"Get a job!" I yell, "You've been walking around this apartment for years doing nothing but eating, sleeping and making messes.  What do I need you for?"

"Meeeoww!" Coco replies, side stepping the question.

That is my latest nick-name for Lisa.  Side-stepper.  Lisa doesn't say anything as I walk her to school.  Sure, she answers direct questions, but doesn't push the conversation forward.  So most days I have to do it, and my go-to, beyond weather and traffic, it nick-names.  "I never seen a girl step like that.  I'm going to call you the Side-stepper."

"Sounds good, Daddy!"  She says, turning sideways as she walks.  

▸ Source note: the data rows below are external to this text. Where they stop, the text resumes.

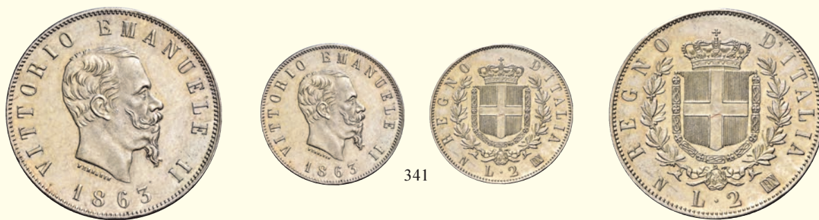
341 Da 2 lire 1863 Napoli. Stemma. Pagani 506. MIR 1083c.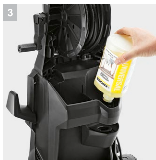
3 Система Plug 'n' Clean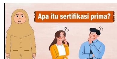
Gambar 6.Tampilan 3

Dalam bagian ini menampilkan karakter sedang bertanya tentang apa itu ketahanan pangan?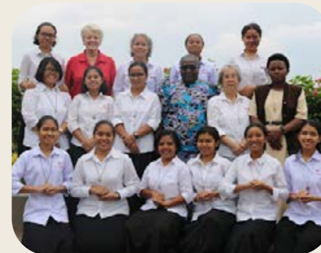
Avec les RSCJ pour l'Assemblée de District en janvier 2023

De temps en temps j'ai visité notre communauté voisine de Bogor. Cela a été une expérience merveilleuse pour moi, en particulier lorsque nous avons distribué de la nourriture aux pauvres.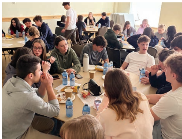
Учасники Провідницького семінару під час гутірки.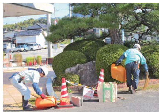
岸本公民館での作業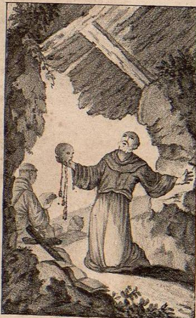
S. Francisco de Asis.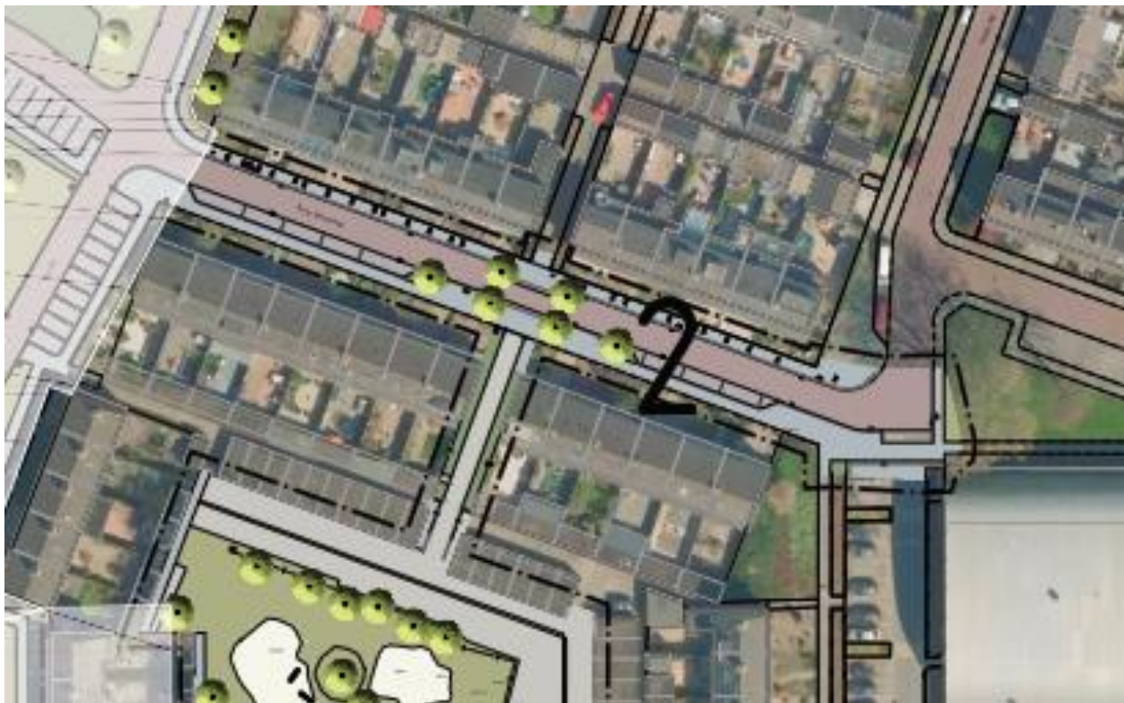
Groep 2: Burg. Bianchiweg incl. binnenterrein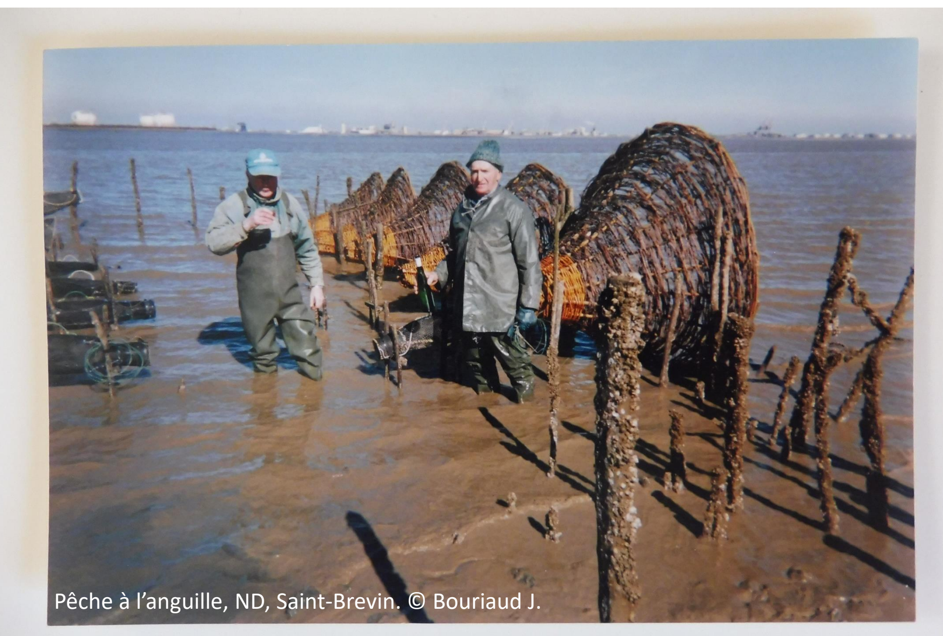
Pêche à l'anguille, ND, Saint-Brevin.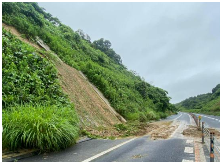
のり面の土砂流出状況(茂原北IC～茂原長南IC間)

高速道路をご利用のお客さまにはご迷惑をお掛けしますこととお詫び申し上げます。引き続き、高速道路をご利用されるお客さまは、お出かけの前に最新の気象予報・道路交通情報をご確認いただきますようお願いいたします。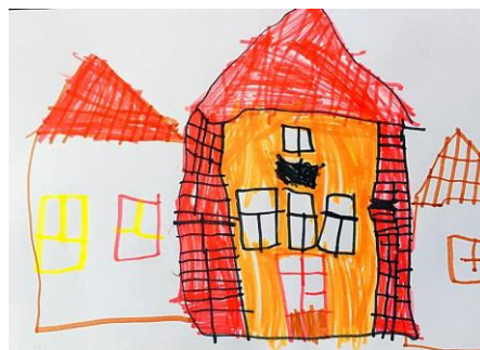
Slika 17. b)

Dijete je na slici 17. a) nacrtalo dosta detalja, a to su: žuto sunce, crveni tobogan, crveno cvijeće, crnu klupu, zelenu travu, plavo nebo, tamno zeleni dimnjak. Laganu narančastu boju pridodaje samom vrtiću uz jaku crnu boju krova. Na slici 17. b) svi ti detalji nestaju, a od jedne građevine nastaje veća građevina tj. vrtić sastavljen od tri dijela. Na vrtiću od tri dijela uočavamo jako dobro iscrtane linije koje predstavljaju cigle. Dijete pri promatranju više obraća pažnju na iscrtavanje i strukturu rada nego na bojanje što ovaj rad potvrđuje hipoteza H-1: Djeca predškolske dobi će izravnim likovnim izražavanjem u prirodnom okruženju oblikovati likovne radove s više realističnih detalja, a ujedno i hipoteza H-2: Djeca predškolske dobi će imati potrebu prilagoditi svoje likovne prikaze stvarnom izgledu motiva u prirodnom okruženju.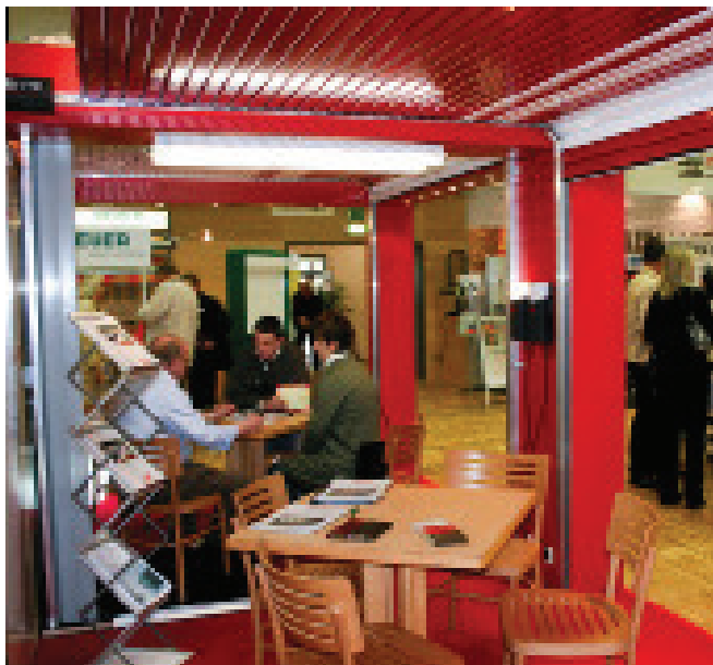
Beratung wird auf der Messe Niedersachsen BAU groß geschrieben.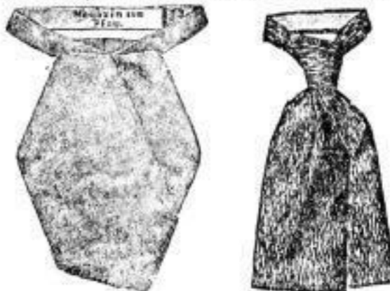
Guido , eleg. Ausführung, hell u. dunkel, 1 Mk. Selpio , hell und dunkel, schöne Schotten, 1 Mk.

Zu billigeren Preisen sind nach Pfingsten eine Partie Cravatten zum Verkauf gestellt worden: Regattes, hell und dunkel, versch. Façons . . . 75 Pf. Für in Hands (Selbstbinder) . . . . . 50 Pf. Wusch-Cravatten, neue Dessins . . . . . 25 Pf. Auch wird auf die grosse Kollektion Cravatten zum Einheitspreise von 1 Mark aufmerksam gemacht.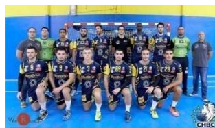
Le Compiègne Handball Club (N2) remporte le Picantin de la meilleure équipe de l'agglomération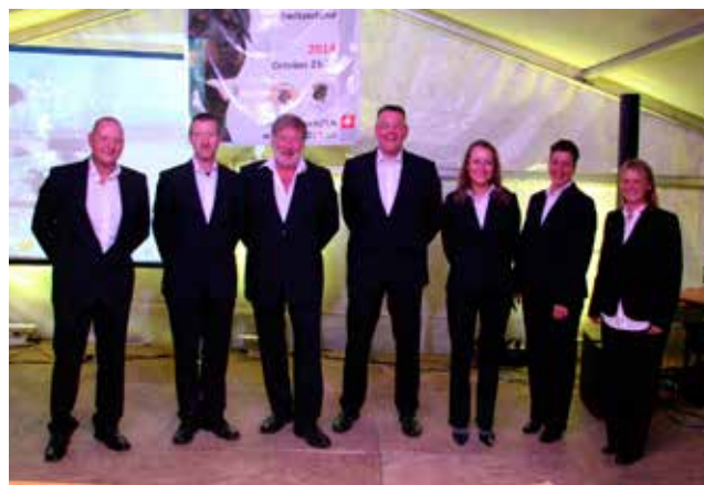
Alle deltagere parate til gallamiddag.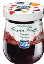
PRD00438 GELEIA PRIMA FRUTTA CEREJA 12X340G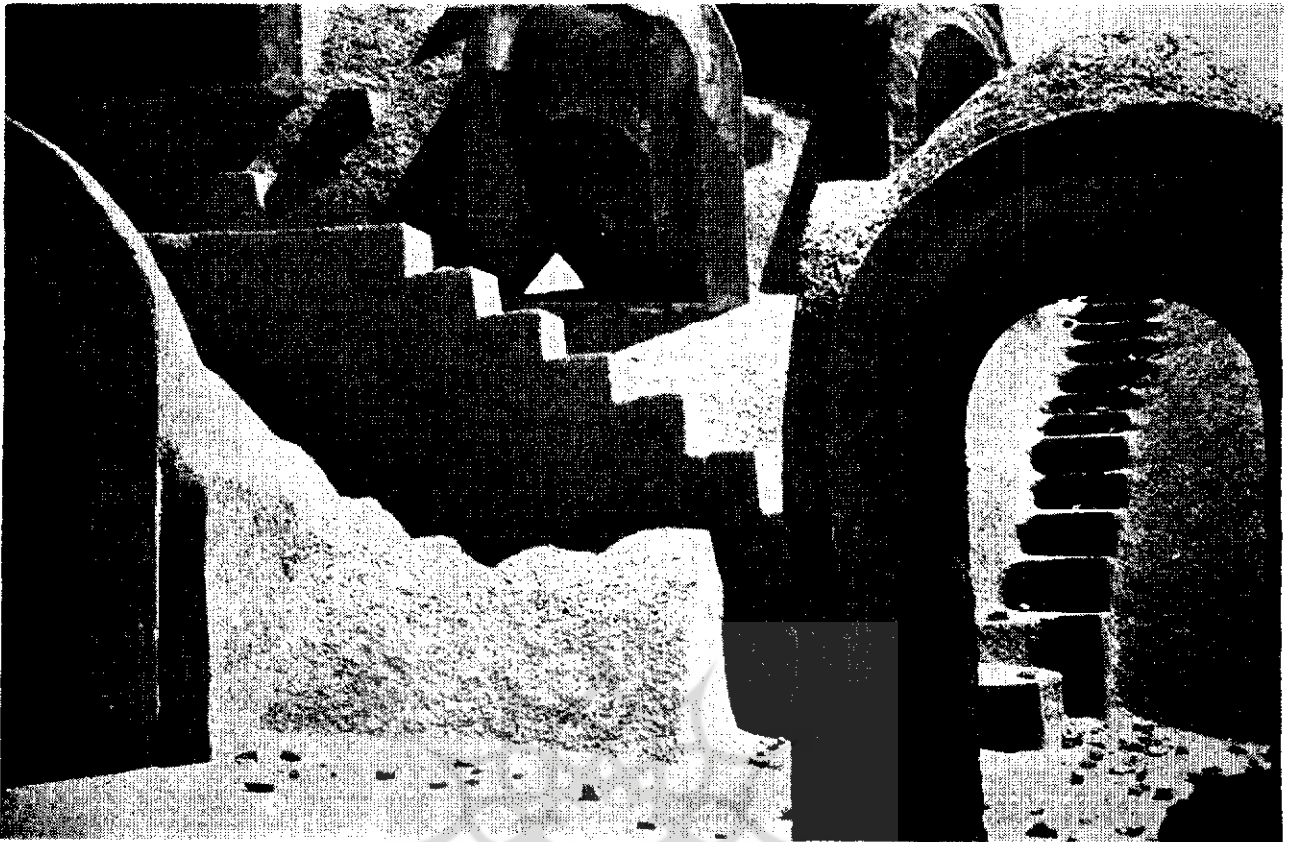
قسمتی از پوشش سالن مرکزی ساختمانی درکاشان

کاهگل را همه کس میتواند بسازد و ماوای خود را با آن بیوشاند و حفظ کند . اندود کاهگل آسان کشیده میشود . آدمی بایکدست خمیر آنرا بر میدارد و بروی سطح دلخواه پهن میکند . در این مورد حتی بکار بردن ماله در کشیدن آن روی سطوح نشانی از امکانات ساحب‌خانه است .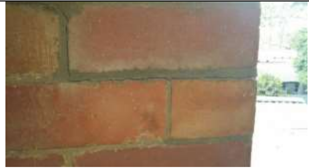
MUROS FISURADOS SIN TRAVA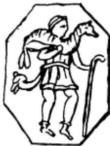
Гемма с изображением Доброго Пастыря, несущего на плечах потерявшуюся овцу (иллюстрация из книги: King C.W. The Gnostics and Their Remains, Ancient and Mediaeval. London, 1864. P. 200 )

Что бы сказал благочестивый Елифаный, если бы он ныне ожил и зашел бы в собор Святого Петра в Риме! Кажется, Амброджо 185 также приходит в отчаяние при мысли, что некоторые люди полностью поверили сообщению Лампридия 186 , что Александр Север имел в своей частной часовне изображение Христа среди других великих философов 187 . «Что язычники могли сохранить облик Христа, – восклицает он, – но его ученики этого не сделали – это вещь, которую ум отказывается принять и еще менее – поверить» 188 .

But Coco is the real side-stepper in our house.  That darn cat doesn't answer anything straight on. He just walks around, avoiding me like a weasel to a chicken farmer, hiding under chairs, and trying to sneak into the cupboards.

"I feed you and clean out your shitter every day!" I yell at him, "And when have you ever even thought about cleaning up or helping with dinner?"

Coco looks at me side-eyed.  

"Side-Eyer!"

"Daddy is talking to the cat again, Mommy." says Lisa.

"At least someone pays attention to him." I say.

I'm sorry. This blog post was supposed to be amusing.  I started writing it after an amusing interaction with the cat.  I'd had a few drinks, and struck up conversation with him.  He doesn't say much, but I infer a lot, and in a pretty good feline voice.  But by the time I get to writing it, I forget most of what was amusing about it, and can only convey what is bitter.  

"The actual conversation was pretty bitter, if you ask me." says the cat.

"Nobody asked you." I say to him, "Go clean out you litter box."

"Mommy, Daddy is drunk and bothering Coco." says Lucy.

"It's okay Lucy," my wife responds, "It's Coco's job to talk to your father when he is drunk."

They don't know what drunk is.  I'll show them.